● Assignment:
Output every line below exactly, please, omitting pictures.

+--

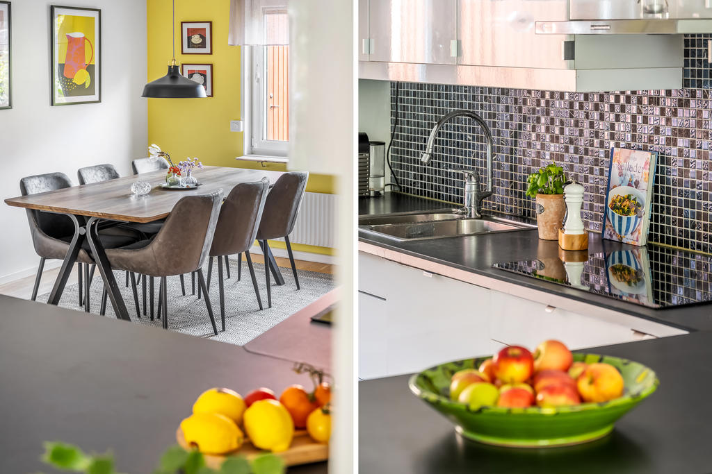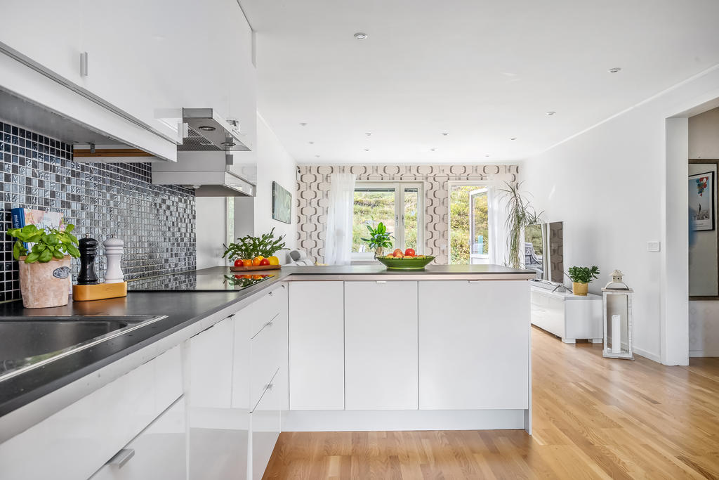 Köket är generöst tilltaget i en praktisk L-form och utrustat med en stilfull bardel som skapar en naturlig övergång till vardagsrummet – perfekt för social matlagning eller en snabb frukost. Vita luckor i modern design kombineras med mörkt stänkskydd och bänkskiva i elegant ton, vilket ger köket ett exklusivt och harmoniskt uttryck. Här finns gott om arbetsyta och förvaring samt plats för stort matbord vid fönsterpartiet med utsikt mot en av bostadens uteplatser.
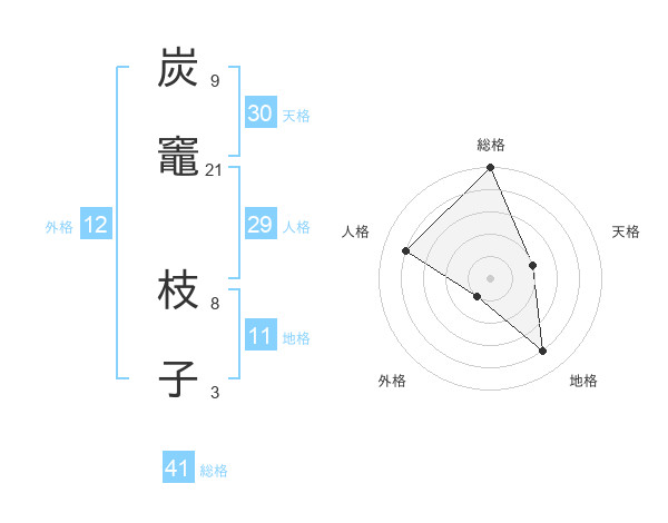 炭竈 枝子さんを姓名の画数から五運を鑑定
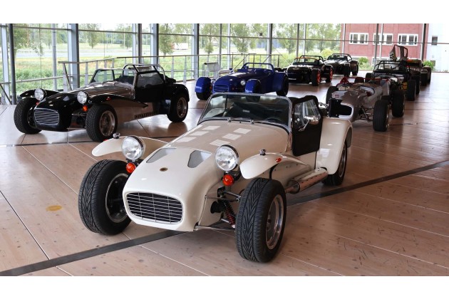 In der Eingangshalle angekommen, begrüßen einen zunächst frisch aufbereitete Donkervoort verschiedener Baujahre - der schnellste Weg, um an eines der Leichtgewichte zu kommen. Neue F22 sind hier nicht zu finden. Die neuste Serie war schon zum Start restlos ausverkauft, weshalb das Familienunternehmen auf 100 Exemplare aufstockte, inklusive der noch einmal um 34 Kilo leichteren Final-Five-Edition.
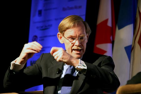 8日,在加拿大蒙特利爾,世界銀行行長(zhǎng)佐利克在第15屆美洲國(guó)際經(jīng)濟(jì)論壇的午餐會(huì)上發(fā)表講話。新華社記者楊士龍攝 |
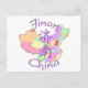 Jinan de la provincia de Shandong en un colorido mapa de China incluye los símbolos chinos para 'Jinan' y su ubicación está marcada en el mapa con un corazón y una bandera. ¡Un regalo único y divertido! Diseñado por Hendrika de RedThreadMaps.com

+--

● The answer:
 Köket är generöst tilltaget i en praktisk L-form och utrustat med en stilfull bardel som skapar en naturlig övergång till vardagsrummet – perfekt för social matlagning eller en snabb frukost. Vita luckor i modern design kombineras med mörkt stänkskydd och bänkskiva i elegant ton, vilket ger köket ett exklusivt och harmoniskt uttryck. Här finns gott om arbetsyta och förvaring samt plats för stort matbord vid fönsterpartiet med utsikt mot en av bostadens uteplatser.
 炭竈 枝子さんを姓名の画数から五運を鑑定
 In der Eingangshalle angekommen, begrüßen einen zunächst frisch aufbereitete Donkervoort verschiedener Baujahre - der schnellste Weg, um an eines der Leichtgewichte zu kommen. Neue F22 sind hier nicht zu finden. Die neuste Serie war schon zum Start restlos ausverkauft, weshalb das Familienunternehmen auf 100 Exemplare aufstockte, inklusive der noch einmal um 34 Kilo leichteren Final-Five-Edition.
 8日,在加拿大蒙特利爾,世界銀行行長(zhǎng)佐利克在第15屆美洲國(guó)際經(jīng)濟(jì)論壇的午餐會(huì)上發(fā)表講話。新華社記者楊士龍攝 |
 Jinan de la provincia de Shandong en un colorido mapa de China incluye los símbolos chinos para 'Jinan' y su ubicación está marcada en el mapa con un corazón y una bandera. ¡Un regalo único y divertido! Diseñado por Hendrika de RedThreadMaps.com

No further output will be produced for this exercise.